Classical recommendation for the surveillance of influenza involves the collection of tracheal or oropharyngeal and cloacal swabs on live and dead birds10,11. According to our results, the sensitivity of combining one tracheal and one cloacal swab to test for the presence of viral RNA in an infected duck would be 0.63 (0.51–0.75) for a positivity threshold of 10 copies/mL. It is striking that only one feather pulp sample outperform the classical sample recommendation, as its sensitivity was estimated at 0.96 (0.86–1.00). Moreover, feathers are easy to collect, transport and treat for molecular analyses. The much higher sensitivity of detection in feather pulp suggests that feather samples could be diluted without decreasing the overall sensitivity at the flock level, and therefore that they could be pooled further, which would reduce the costs of analysis at the flock scale and improve the overall economic efficiency of surveillance. Combined with swabs in a sampling strategy, feathers would also provide supplementary information about invasiveness of the virus. In a previous experimental study conducted on european quails, H5N1 and H7N1 HPAIVs inoculation resulted in viral RNA detection in feathers from day 1 up to day 6 and day 12, respectively. In contrast, H7N2 LPAIV detection remained negative during all the experiment from 1 to 15 days post-infection28. Assuming that AIV spread in feather is the result of viremia and systemic infection, feather folliculitis in combination with positive viral detection could presumably reflect the tissue pantropism of a virus strain and suggest infection by a HPAIV. Further investigations are needed to investigate feather infection as a signature of HPAIVs, including variations between strains.

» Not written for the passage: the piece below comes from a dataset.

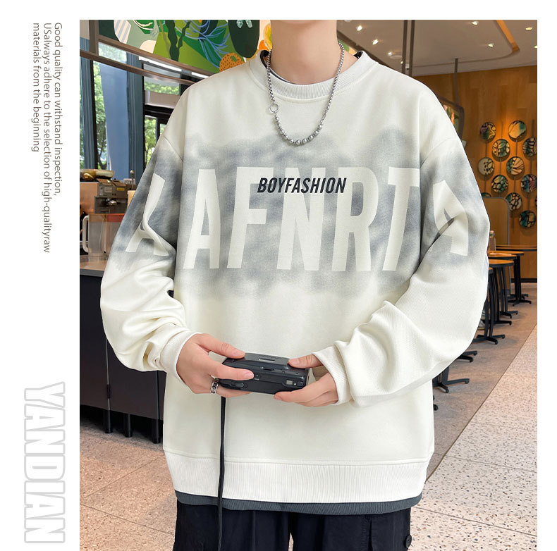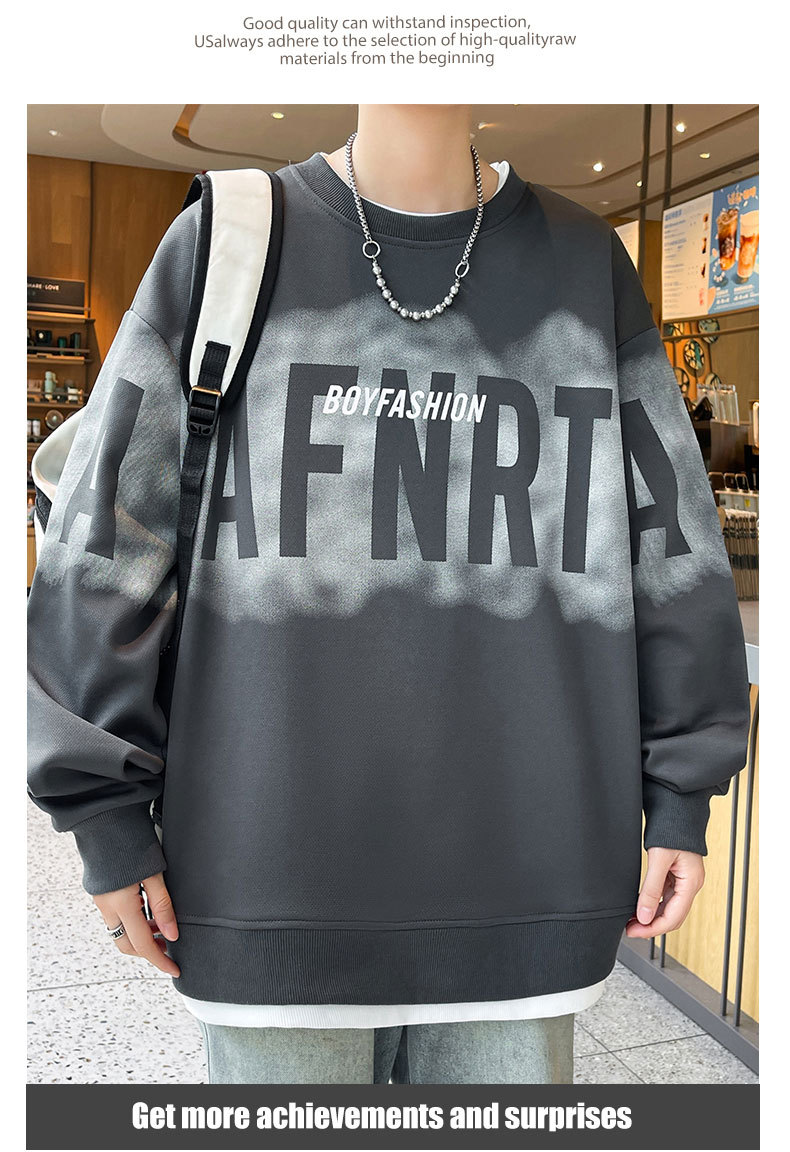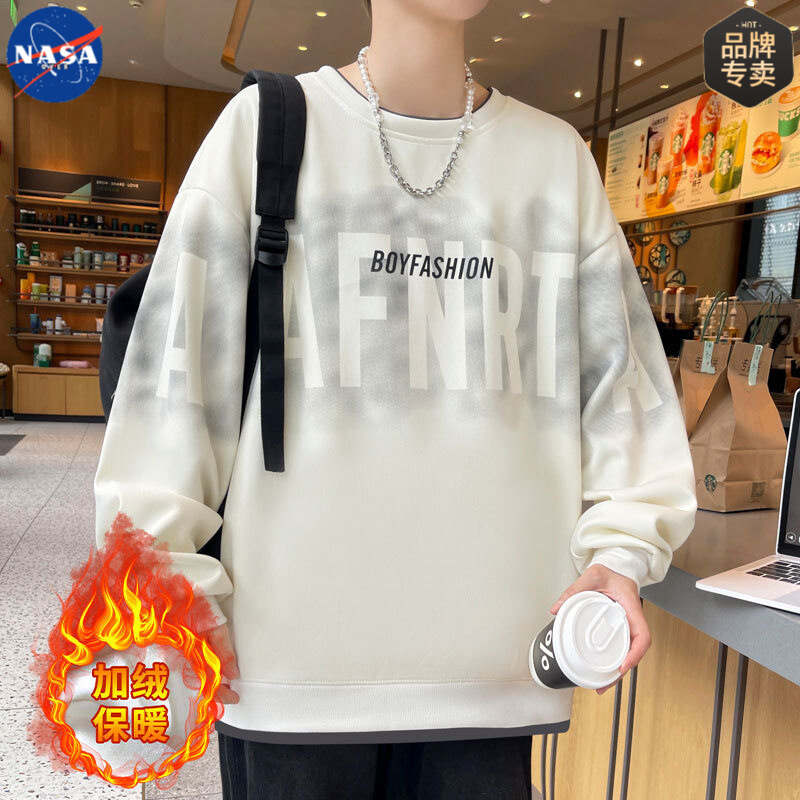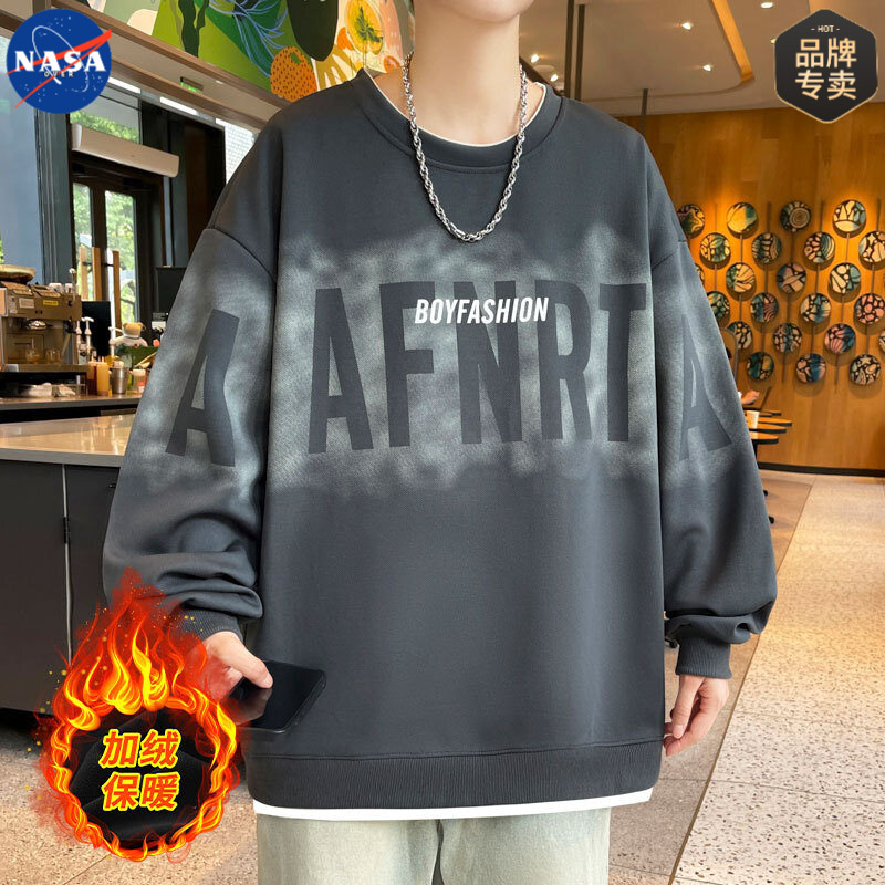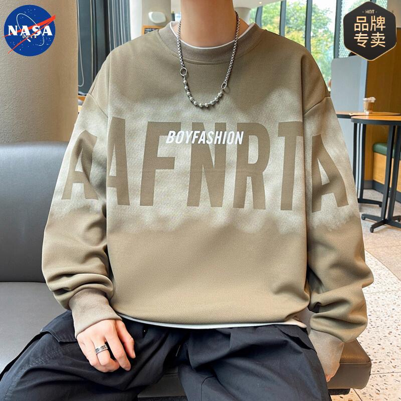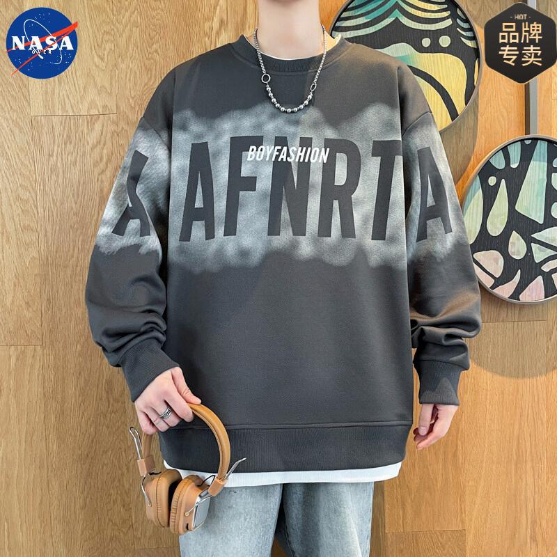 NASA 브랜드 땀 남자의 봄과 가을 새로운 긴 소매 학생 청소년 인쇄 라운드 넥 유행 브랜드 베이스 탑 옷스토어 가기

Clinical expression of HPAI in ducks is poor, as evidenced on the field and in experimental infections29. Our experiment confirmed that ducks may excrete huge loads of virus for days, contaminate very efficiently the rest of the flock without expressing clinical signs. This poor clinical expression in ducks stresses, even more, the pivotal importance of an optimized surveillance strategy, based on intensive testing, at least before farm-to-farm transportation of ducks.

These data, based on a selection of both field and experimental cases of H5N8-infected ducks and geese, suggest that feather samples should be included in the toolbox of samples for detection of clade 2.3.4.4b HPAI viruses, at least in ducks. Further investigations are needed in experimental settings and on a wide range of HPAIVs to ascertain the relevance of their insertion in the diagnostic protocols of HPAI surveillance.